After the war, Ford reconnected with his mother and brother he barely knew, and they moved to Toronto when Ford was 16. He worked as a handyman and performed singing and comedy acts in nightclubs. He was married and divorced. Ford lovingly cared for his mother when she became sick and died years ago, Newman said, adding that Ford never mentioned he had a brother who was still alive. Newman said Ford had a big personality and loved to sing and tell stories.
He said he always looked forward to his weekly visits with Ford. “No one should die alone,” Newman said. “No one should be alone while they’re alive. We have to find the elderly and visit them.” He said this experience has reinforced his idea that “one act of goodness leads to another. “This is the best of humanity,” he said.

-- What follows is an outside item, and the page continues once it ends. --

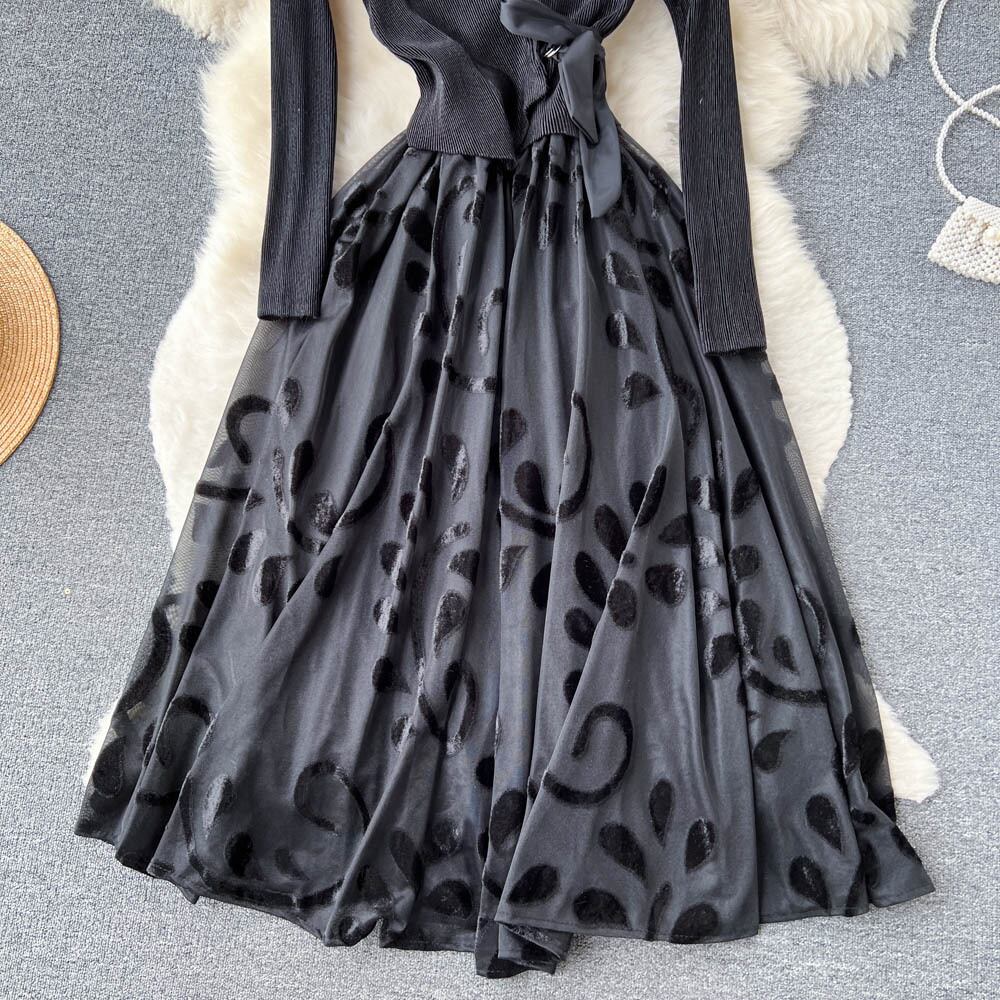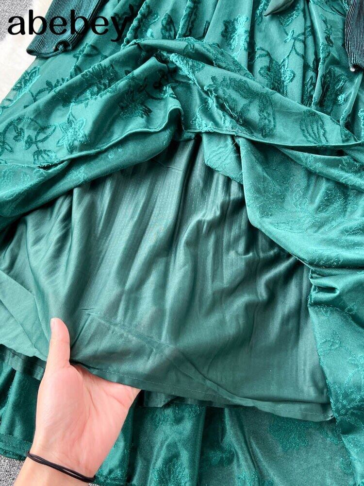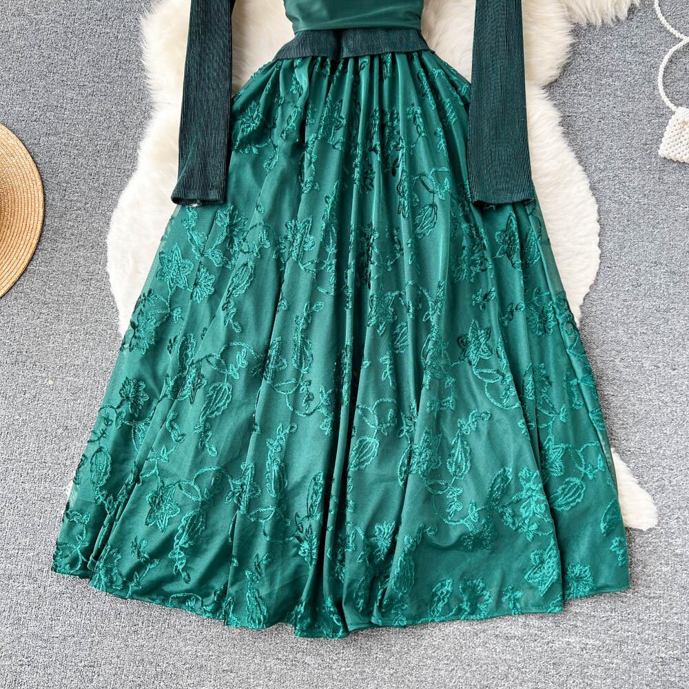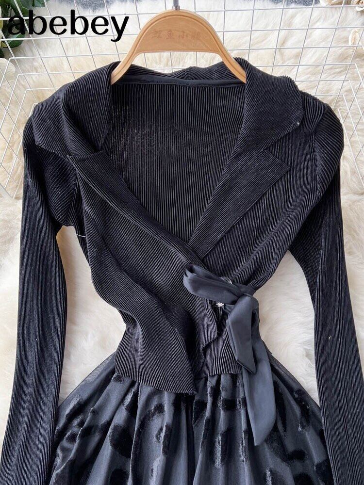 グラデーションカラープリーツパッチワークレースミディドレス女性春秋長袖パーティー Vestidos ロング スプリング 春物 オータム 秋物 Abe70193905884

Do you know there is a Midrashic text that says God wear’s tefillin? And the rabbis ask: what could be written in God’s tefillin? And they answer: Who is like you amongst the nations of the world?”
I always want to be careful when I speak of our particularity and unique qualities. But sometimes, with humility, I realize that to be a part of our people is to inherit an extraordinary system of values that enable us to elevate the essence of the living spirit and soul. And perhaps it is here, in the face of the dying and the dead, that we realize it best. You know the Midrash of Jacob’s son – Shema Yisrael.

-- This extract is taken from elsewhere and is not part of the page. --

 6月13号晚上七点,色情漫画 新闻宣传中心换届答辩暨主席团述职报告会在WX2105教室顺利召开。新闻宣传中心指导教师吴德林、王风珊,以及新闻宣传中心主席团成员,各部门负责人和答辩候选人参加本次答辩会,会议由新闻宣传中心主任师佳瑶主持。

Eddie Ford is no longer. We know little about his life. But he inherited responsibility, the connection to covenant. We learn that his death enabled us to experience the transcendence of being a Jew. We must remember moments like this, remind ourselves and teach our children well.
In these days when death is being cheapened and neglected, we must always remember it is the ultimate teacher of a meaningful life.
Vayechi. And Jacob lives. May it be said about each one of us when we reach our final days.